WASHINGTON — President Donald Trump faces the challenge of convincing Republican senators, global investors, voters and even Elon Musk that he won’t bury the federal government in debt with his multitrillion-dollar tax breaks package.
The response so far from financial markets has been skeptical as Trump seems unable to trim deficits as promised.
“All of this rhetoric about cutting trillions of dollars of spending has come to nothing — and the tax bill codifies that,” said Michael Strain, director of economic policy studies at the American Enterprise Institute, a right-leaning think tank. “There is a level of concern about the competence of Congress and this administration and that makes adding a whole bunch of money to the deficit riskier.”
The White House has viciously lashed out at anyone who has voiced concern about the debt snowballing under Trump, even though it did exactly that in his first term after his 2017 tax cuts.
White House press secretary Karoline Leavitt opened her briefing Thursday by saying she wanted “to debunk some false claims” about his tax cuts.
Leavitt said the “blatantly wrong claim that the ‘One, Big, Beautiful Bill’ increases the deficit is based on the Congressional Budget Office and other scorekeepers who use shoddy assumptions and have historically been terrible at forecasting across Democrat and Republican administrations alike.”
House Speaker Mike Johnson piled onto Congress’ number crunchers on Sunday, telling NBC’s “Meet the Press,” “The CBO sometimes gets projections correct, but they’re always off, every single time, when they project economic growth.
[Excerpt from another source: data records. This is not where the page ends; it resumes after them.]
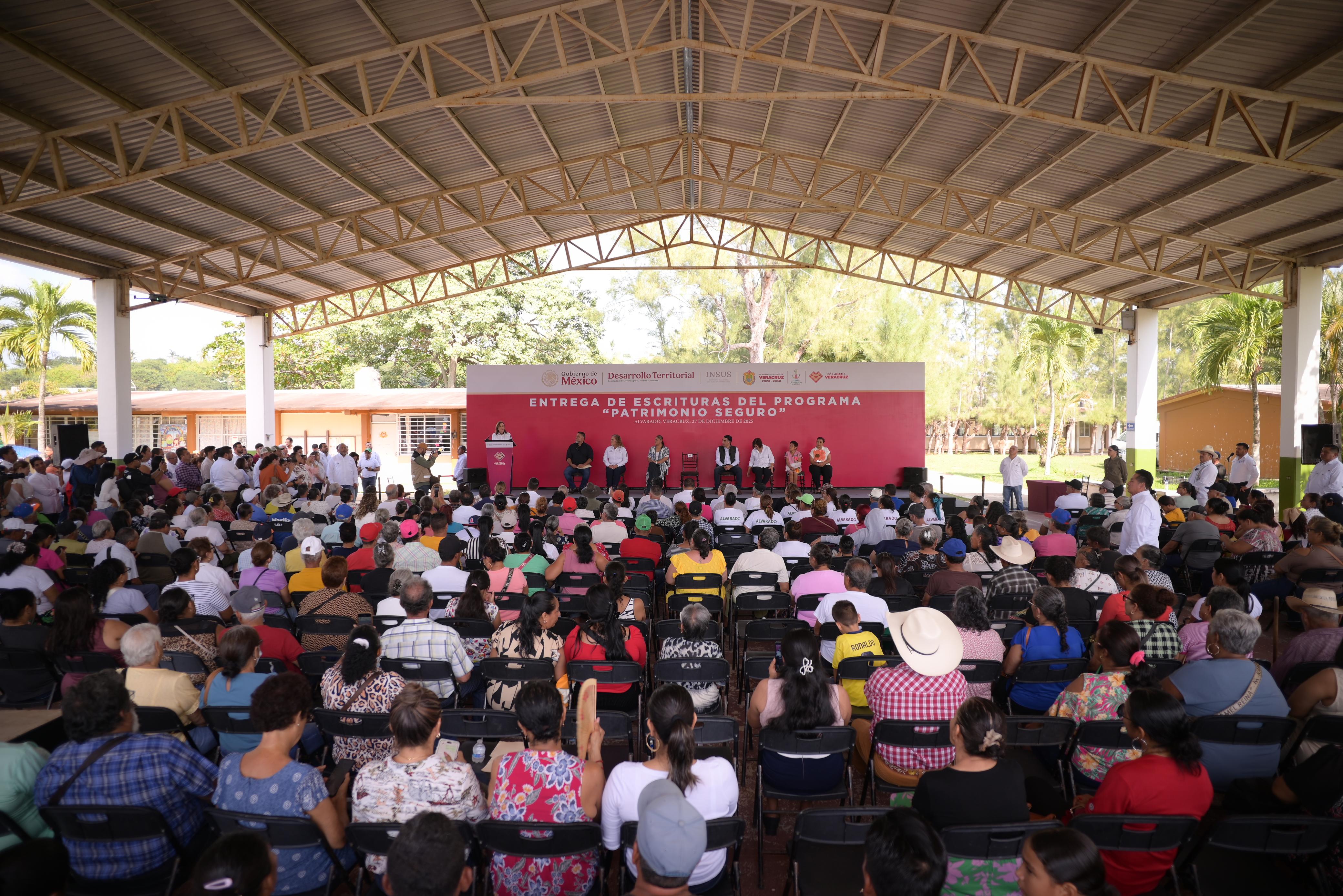 Alvarado, Ver., sábado 27 de diciembre de 2025.– “No es un tema menor entregar una propiedad legalmente; es hacer justicia social y dar tranquilidad a las familias”, afirmó la gobernadora Rocío Nahle García al encabezar en Alvarado la entrega de 336 escrituras del programa Patrimonio Seguro, en coordinación con el Instituto Nacional del Suelo Sustentable (INSUS).
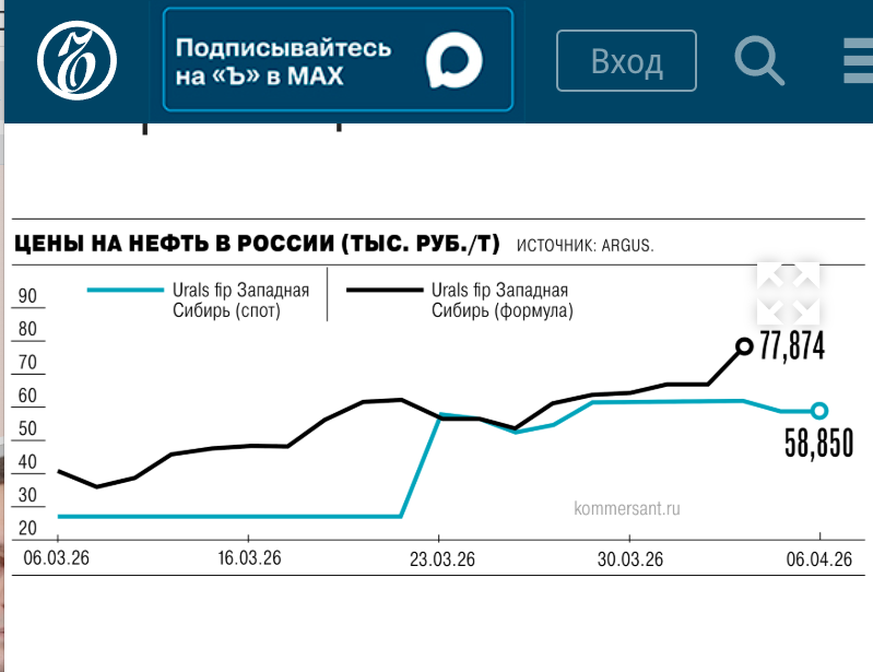 Мартовские $77 за баррель скажутся на поступлениях в апреле. Пока же бюджет продолжает находиться в сложном положении — в марте на закрытие дефицита из ФНБ было потрачено еще 60 млрд руб.
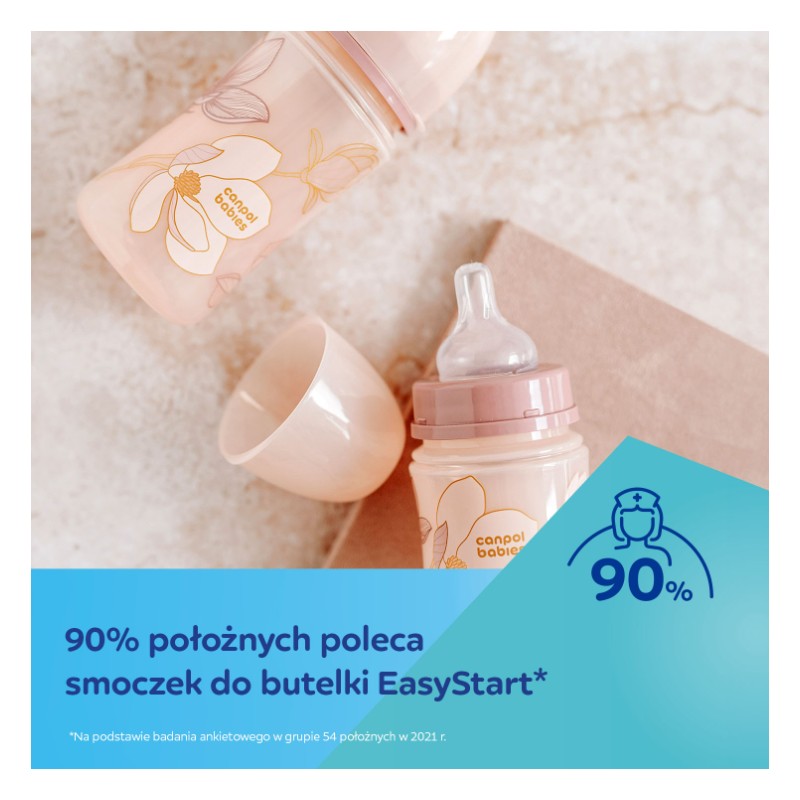Butelki EasyStart to po prostu łatwy start w karmieniu butelką. Smoczek został wykonany z miękkiego i hipoalergicznego silikonu, dzięki czemu jest bardzo wytrzymały, nie odkształca się, nie wysycha i nie odbarwia. Jest bezzapachowy i bezsmakowy, co ułatwia akceptację butelki przez dziecko, a jego kształt przypomina pierś mamy, umożliwiając karmienie naprzemienne – karmienie piersią i butelką. Aż 90% położnych poleca smoczek do butelki EasyStart.*

They always underestimate the growth that will be brought about by tax cuts and reduction in regulations.”
But Trump himself has suggested that the lack of sufficient spending cuts to offset his tax reductions came out of the need to hold the Republican congressional coalition together.
“We have to get a lot of votes,” Trump said last week. “We can’t be cutting.”
That has left the administration betting on the hope that economic growth can do the trick, a belief that few outside of Trump’s orbit think is viable.
Most economists consider the nonpartisan CBO to be the foundational standard for assessing policies, though it does not produce cost estimates for actions taken by the executive branch such as Trump’s unilateral tariffs.
Tech billionaire Musk, who was until recently part of Trump’s inner sanctum as the leader of the Department of Government Efficiency, told CBS News: “I was disappointed to see the massive spending bill, frankly, which increases the budget deficit, not just decreases it, and undermines the work that the DOGE team is doing.”
The tax and spending cuts that passed the House last month would add more than $5 trillion to the national debt in the coming decade if all of them are allowed to continue, according to the Committee for a Responsible Financial Budget, a fiscal watchdog group.
To make the bill’s price tag appear lower, various parts of the legislation are set to expire. This same tactic was used with Trump’s 2017 tax cuts and it set up this year’s dilemma, in which many of the tax cuts in that earlier package will sunset next year unless Congress renews them.
But the debt is a much bigger problem now than it was eight years ago. Investors are demanding the government pay a higher premium to keep borrowing as the total debt has crossed $36.1 trillion. The interest rate on a 10-year Treasury Note is around 4.5%, up dramatically from the roughly 2.5% rate being charged when the 2017 tax cuts became law.
The White House Council of Economic Advisers argues that its policies will unleash so much rapid growth that the annual budget deficits will shrink in size relative to the overall economy, putting the U.S. government on a fiscally sustainable path.
The council argues the economy would expand over the next four years at an annual average of about 3.2%, instead of the Congressional Budget Office’s expected 1.9%, and as many as 7.4 million jobs would be created or saved.
Most outside economists expect additional debt would keep interest rates higher and slow overall economic growth as the cost of borrowing for homes, cars, businesses and even college educations would increase.
The White House’s inability so far to calm deficit concerns is stirring up political blowback for Trump as the tax and spending cuts approved by the House now move to the Senate. Republican Sens. Ron Johnson of Wisconsin and Rand Paul of Kentucky have both expressed concerns about the likely deficit increases, with Paul saying Sunday there are enough GOP senators to stall the bill until deficits are addressed.
Four Republican holdouts would be enough to halt the bill in the Senate, where the party holds a three-seat majority. The White House is also banking that tariff revenues will help cover the additional deficits, even though recent court rulings cast doubt on the legitimacy of Trump declaring an economic emergency to impose sweeping taxes on imports.